US.- The Houlton Band of Maliseet Indians is considering all of its options in order to host a casino in Houlton, Maine. The tribe has been waiting several years to bring a casino to the area, but last week the state Supreme Court decided not to take a stand on tribal gaming’s constitutionality.
Clarissa Sabattis, tribal chief, said earlier this week that the tribe would no longer send a representative to the Maine Legislature in Augusta. This comes after the Supreme Court issued an opinion on a question propounded by the House of Representatives regarding the status of tribal gaming and the permission to conduct such activities without permission from the state. The court determined that the question is not “a serious and immediate nature.”

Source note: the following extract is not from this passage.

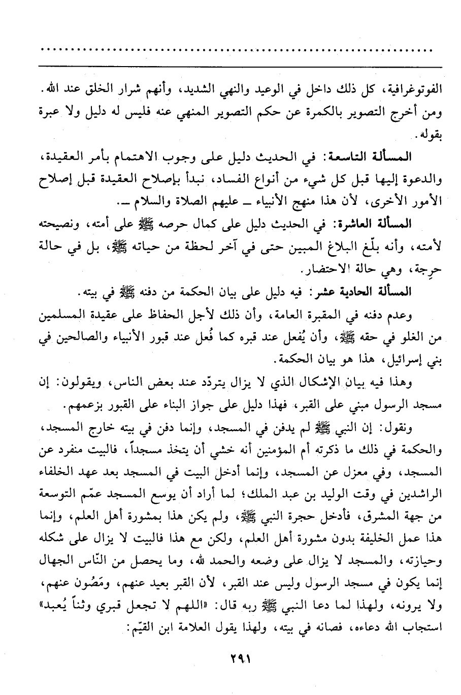 ونقول: إن النبي صَلَّى اللَّهُ عَلَيْهِ وَسَلَّمَ لم يدفن في المسجد، وإنما دفن في بيته خارج المسجد، والحكمة في ذلك ما ذكرته أم المؤمنين أنه خشي أن يتخذ مسجداً، فالبيت منفرد عن المسجد، وفي معزل عن المسجد، وإنما أدخل البيت في المسجد بعد عهد الخلفاء الراشدين في وقت الوليد بن عبد الملك؛ لما أراد أن يوسع المسجد عمّم التوسعة من جهة المشرق، فأدخل حجرة النبي صَلَّى اللَّهُ عَلَيْهِ وَسَلَّمَ، ولم يكن هذا بمشورة أهل العلم، وإنما هذا عمل الخليفة بدون مشورة أهل العلم، ولكن مع هذا فالبيت لا يزال على شكله وحيازته، والمسجد لا يزال على وضعه والحمد لله، وما يحصل من النّاس الجهّال إنما يكون في مسجد الرسول وليس عند القبر، لأن القبر بعيد عنهم، ومَصُون عنهم، ولا يرونه، ولهذا لما دعا النبي صَلَّى اللَّهُ عَلَيْهِ وَسَلَّمَ ربه قال: "اللهم لا تجعل قبري وثناً يُعبد" استجاب الله دعاءه، فصانه في بيته، ولهذا يقول العلامة ابن القيم:

Tribal Rep. Henry Bear of the Houlton Band of Maliseets said in response to the opinion by the justices of the court that efforts to gain local, state support for their legitimate, but modest, tribal economic development plans were never legally required under current international, treaty, federal or state law.
“In the past six years the Tribe has lost a projected US$100 million in net tribal casino revenues and a hundred, much-needed jobs as a result of this ongoing, jurisdictional situation,” Bear said, according to The County. “Based on an increased awareness of the tribe’s circumstances and the state’s dubious legal position, there was majority support for the question propounded to the Maine Supreme Judicial Court and there remains strong support among Maine legislators for the idea of a tribal casino in our Aroostook region,” he said. “Going forward there is expected to still be tribal gaming efforts even without our presence in the Maine Legislature.